A Study of Optimizations for Fine-tuning Large Language Models

TL;DR

This work tackles the memory bottlenecks in fine-tuning very large language models by empirically evaluating a set of optimization techniques—Gradient Checkpointing, LoRA, DeepSpeed ZeRO, and FlashAttention—and their interactions. It demonstrates that ZeRO-2 combined with LoRA offers the best default memory-time balance for a range of model sizes, while ZeRO-3 with LoRA and gradient checkpointing is essential for ultra-large models, especially under resource limits. A theoretical memory model is developed to estimate GPU memory usage and guide resource planning, and long-context fine-tuning is shown to benefit significantly from FlashAttention-2 on compatible GPUs. The results provide practical guidance for enterprise fine-tuning, including recommended defaults, strategies for long-context data, and approaches for constrained hardware, with future work pointing to quantization, smaller model regimes, and much longer context lengths.

Abstract

Fine-tuning large language models is a popular choice among users trying to adapt them for specific applications. However, fine-tuning these models is a demanding task because the user has to examine several factors, such as resource budget, runtime, model size and context length among others. A specific challenge is that fine-tuning is memory intensive, imposing constraints on the required hardware memory and context length of training data that can be handled. In this work, we share a detailed study on a variety of fine-tuning optimizations across different fine-tuning scenarios. In particular, we assess Gradient Checkpointing, Low-Rank Adaptation, DeepSpeed's Zero Redundancy Optimizer and FlashAttention. With a focus on memory and runtime, we examine the impact of different optimization combinations on GPU memory usage and execution runtime during fine-tuning phase. We provide our recommendation on the best default optimization for balancing memory and runtime across diverse model sizes. We share effective strategies for fine-tuning very large models with tens or hundreds of billions of parameters and enabling large context lengths during fine-tuning. Furthermore, we propose the appropriate optimization mixtures for fine-tuning under GPU resource limitations.
Paper Structure (15 sections, 2 equations, 4 figures, 2 tables)
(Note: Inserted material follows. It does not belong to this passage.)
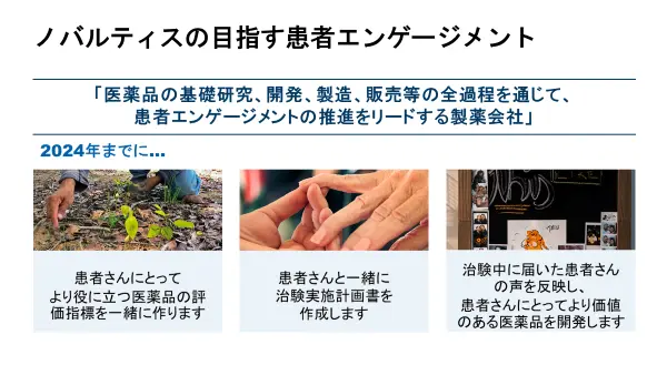 ノバルティスでは、患者さんとの効果的かつ積極的な交流の促進への取り組みを「患者エンゲージメント(Patient Engagement)*1」と定義しています。

This paper contains 15 sections, 2 equations, 4 figures, 2 tables.

Figures (4)

  • Figure 1: Model state memory for a model with $\theta$ parameters, when fine-tuned using Adam optimizer under mixed-precision setting. Model state comprises of optimizer state, gradients and model parameters. Total model state memory, with no optimization enabled, adds upto 16$\theta$ bytes.
  • Figure 2: GPU memory usage and fine-tuning runtime for different optimization configurations across ZeRO-1, ZeRO-2 and ZeRO-3 for Llama 2 7B. Using LoRA with ZeRO-2 provides the best balance between memory usage and runtime.
  • Figure 3: Impact of varying context length on GPU memory usage and fine-tuning time with and without FlashAttention-2 for Llama 2 70B. Enabling FlashAttention-2 on A100s significantly lowers the memory consumption and runtime for larger context lengths such as 4096.
  • Figure 4: Optimal configurations for fine-tuning LLMs of different sizes when using V100 GPUs. All Llama 2 experiments were run using 8xV100s, whereas Falcon 180B required 16xV100s. FlashAttention-2 is omitted as it is not supported on V100s.